При этом не будем забывать о деталях и частностях. Как мы видели, платоновская доктрина об андрогине имеет вполне определенную "прометеевскую" окраску. Если эти мифические существа по сущности своей были способны внушить страх богам и бороться с ними, то, значит, эротическая реинтеграция не только сама по себе мистична, но и несет с собою некое могущество, возможно, опасное. Мы вернемся к этому, когда предпримем исследование инициатических форм половой магии. Весь "пафос", однако, отсюда. В широком мифологическом обрамлении прометеизм теряет или отчасти теряет свои негативные свойства: одна и та же традиция оформила как мифы о Прометее и Гигантах, так и героические мифы о Геракле. А ведь последний достиг той же цели, которой добивались Титаны, — открытия подступов к Древу Жизни. Герой "наслаждается" яблоками бессмертия (по одной из версий путь к Древу Гераклу указывает именно Прометей), а на Олимпе он — обладатель Гебы, вечной молодости, и не как вероломный мошенник, но как равный Олимпийцам.
Итак, традиция намекает на латентный прометеизм всякого эроса. В богатом инициатическом содержании, но зашифрованном под рыцарские приключения цикле о святом Граале, искушение, которое представляет женщина для избранного рыцаря, приводит иной раз и к Люциферу[129]. Это является преткновением для моралистических толкований. У Вольфрама фон Эшенбаха падение Амфортаса[130] соотносимо с девизом "Amor" — девизом, который, как говорит поэт, не согласовывается с покорностью и смирением[131]'. Это означает, что в любви некоторым образом присутствует противление чистому смирению, υβρις существ[132], "единых" по происхождению.
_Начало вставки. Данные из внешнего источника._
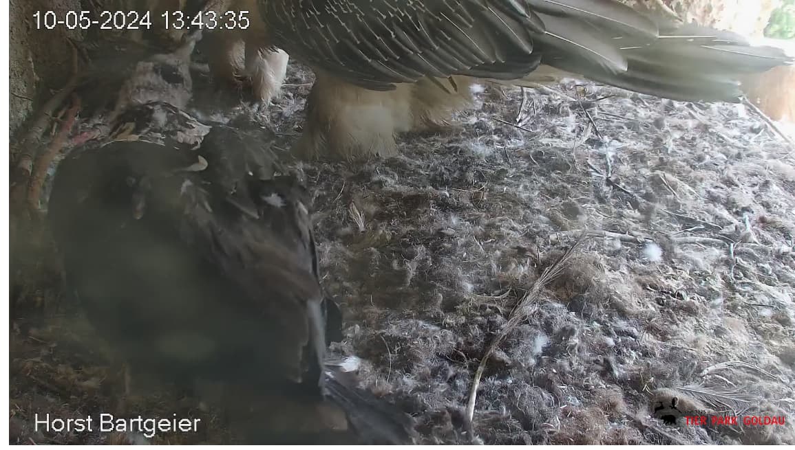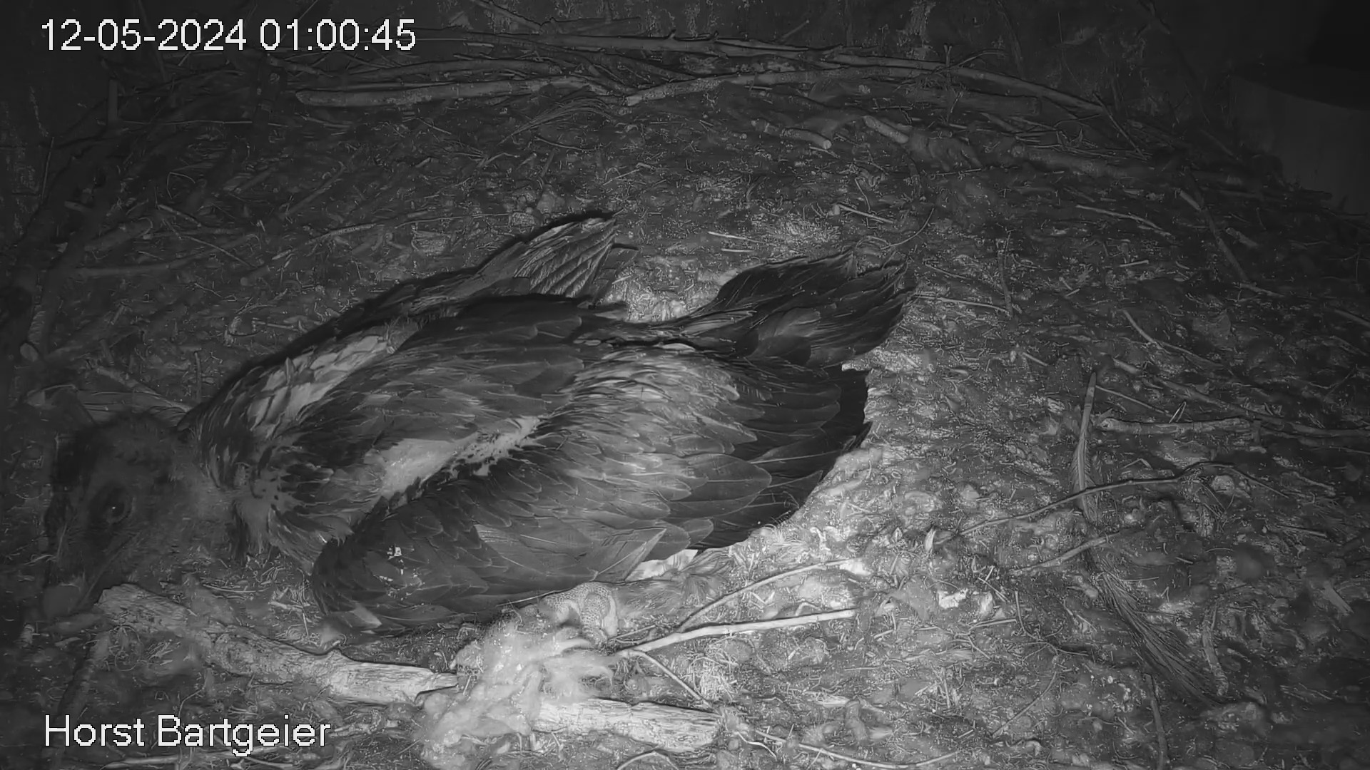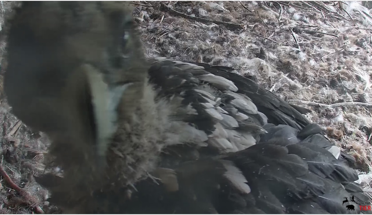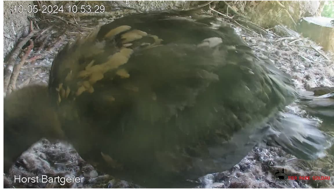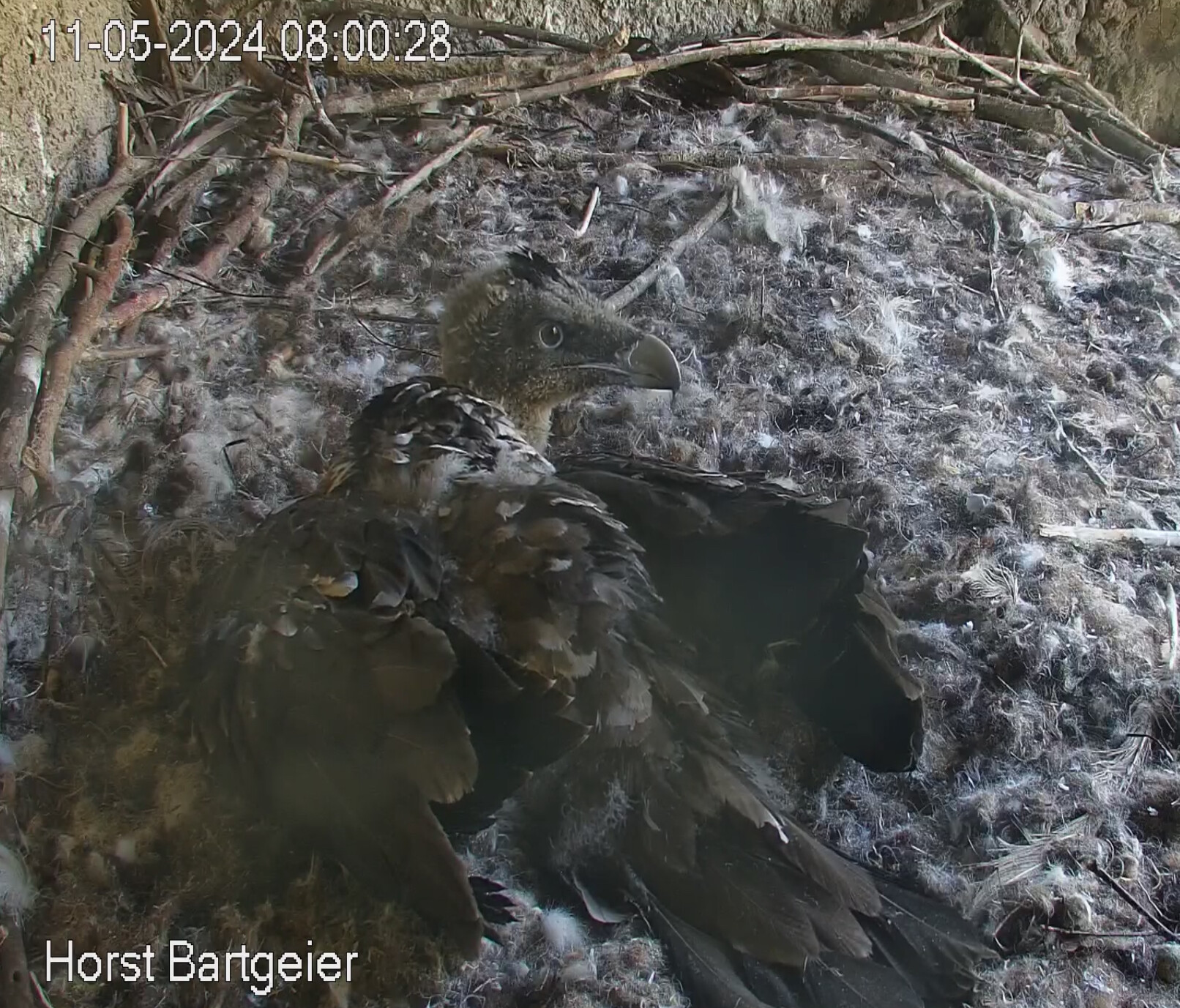 Ja der „Barti“ hat ca. 1 Std. den Horst aufgeräumt, dann gab es eine kurze Pause. Schon musste er wieder aufstehen und die Kamera begutachten. Er ist inzwischen doch sehr neugierig.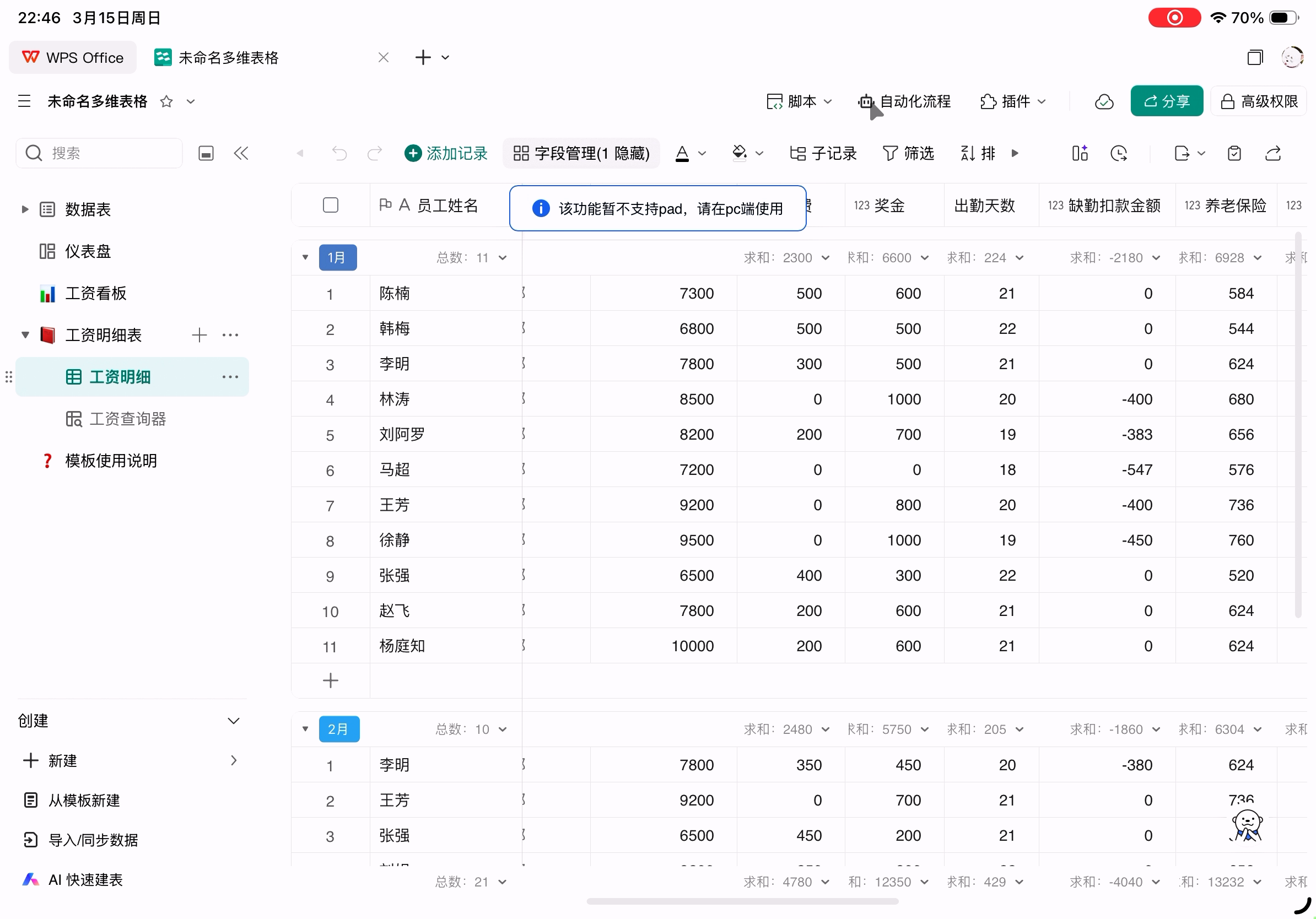 上面演示WPS表格时添加的数据,在PC版WPS上查看统计数据没问题。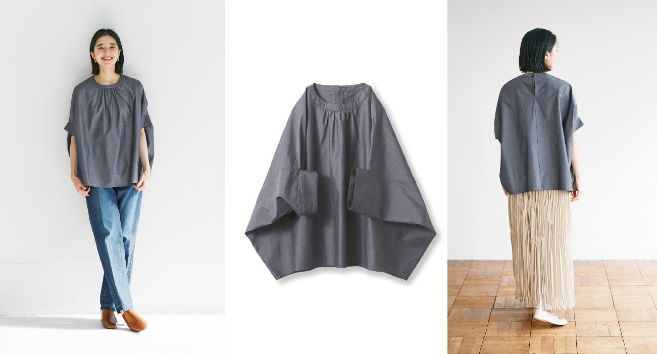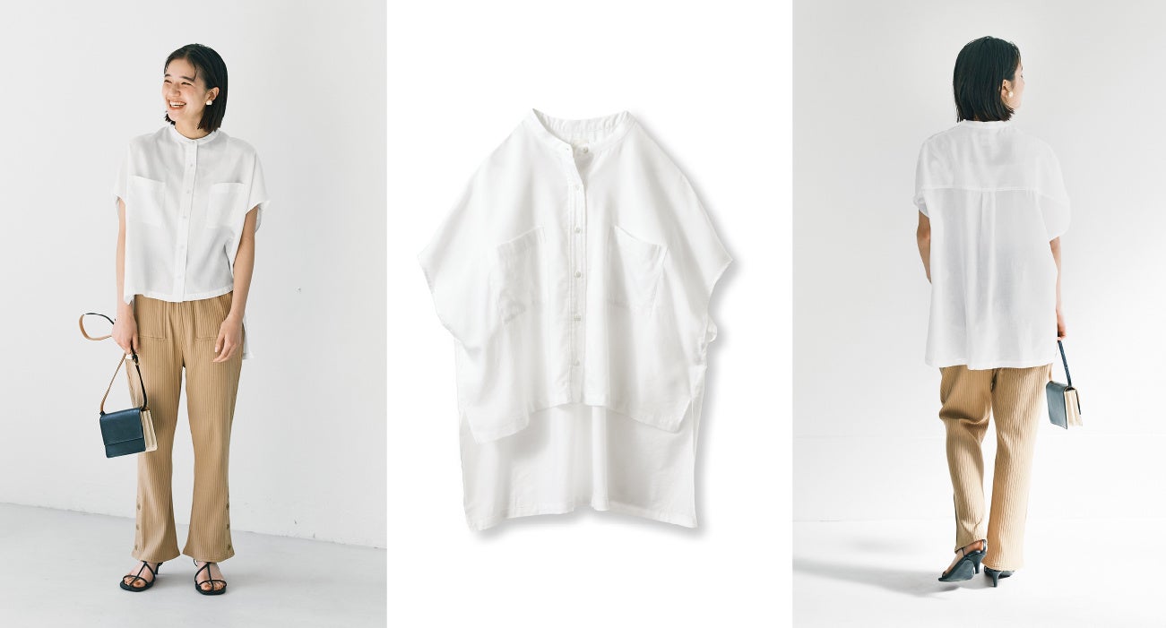 ボックスシルエットのバンドカラーシャツです。前後差を大胆につけたすそや、タックが入った後ろヨークなど、全方位どこから見ても遊び心とデザイン性を兼ね備えています。ほどよく落ち感のあるシアーな生地でスタイルを選ばず着こなせます。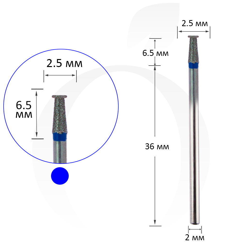 Фреза алмазна диск кругла синя 2.5 мм, робоча частина 6.5 мм

К тому же, нужно заметить, у Вольфрама сказано, что "путь к Граалю открывается только с оружием в руках", иными словами, через насилие, что и приводит главного героя поэмы Парсифаля к своего рода богоборчеству[133]'. Следовательно, открыть себе путь к Граалю — более или менее равноценно открытию заново пути к Древу Жизни или бессмертию; всякое вялое и дряблое обрамление этой легенды, подобное опере Вагнера, не соответствует изначальным смыслам и потому не может быть принято во внимание. Наконец, нужно отметить, что в кругах, в которых практиковались половая магия и мистический эротизм, имелись адепты, которые открыто исповедовали доктрину "единства" и отрицали какую-либо онтологическую дистанцию между Творцом и творением. Их взгляды порой содержали откровенную аномию, то есть отрицание не только человеческих, но и Божественных законов. Вот очень приблизительный перечень: от Сиддхи и Каулы индусов до тантристов "Пути левой руки"; в Европе — от "Братьев Свободного Духа" христианского Средневековья до саббатианства Якова Франка[134], а в наши дни вплоть до Алистера Кроули[135]. Но все это следует выделить особо, "отшелушив" от вульгарного "прометейства" и в то же время подчеркнув конкретно эротический аспект, вовсе не касающийся обычной любви мужчины и женщины. В то же время будем помнить, что у самого Платона[136] "выздоровление", "восстановление" и "высшее блаженство" понимались как "высшее благо и добро", к которому может привести эрос. Все это сочеталось с неприятием безбожия и нечестивости. Но в определенном смысле такая установка отделяет от Божественного начала, ведет к подчинению и раздробленности человека — это как бы обратная сторона платоновского "антипрометеизма". Такая грань отделяет Геракла от Прометея и соответственно от установки на сатанизм. К этим проблемам мы еще вернемся.
126
Надо иметь в виду, что вследствие широкого распространения гомосексуализма в Греции его времени Платон придавал метафизический смысл гомосексуальной любви, то есть отношениям между лесбиянками и педерастами (Пир. 191 с, 192 а; Федр. 251 с, 253, 265 с, 240 а и так далее. Говоря о любви, Платон вообще прежде всего имеет в виду любовь к юношам). Применительно к такой любви невозможно говорить о стремлении мужского или женского начала в примордиальном смысле к восстановлению единства. Мофологический смысл такой любви — не андрогинат, а гомогения, "полнота мужского" (педерастия) или "полнота женского" (лесбиянство). Любящие ищут соединения со своей собственной субстанцией; сущностные основы полярности и дополнительности полов рушатся. (Ю. Э.)
127
Орден
Другая же — суфийская традиция, носящая глубокие элементы мистицизма. Суфийская поэзия проникла на Запад во время крестовых походов; её эхо донесли до Европы рыцари-храмовники. Не смотря на длительную историческую вражду, на Запад незаметно проникли слова Ибн Араби (Ibn’ Arabi), мысли Авероэса (Averroes) и рассказы Ашиков (’ashiq). Более поздним суфиям, "
«
Дамы «Верных Любви», какое бы имя они не носили, Роза или Беатриче, Джованна или Сельваджия, это одна и та же женщина, символизирующая тайную доктрину, в значительной степени враждебную Церкви. Так у Данте любовь оказывается любовью к «Святой Мудрости», в его «Раю» солнце Беатриче затмевает солнце Христа.
В «Божественной Комедии»
Это не «средневековая ересь». Это, скорее, Гесиод, у которого Эрос — сила любви, влекущая к себе элементы мироздания, космическое начало, посредством которого объединяется Вселенная. Это возврат к античному образу мышления. Это — Возрождение.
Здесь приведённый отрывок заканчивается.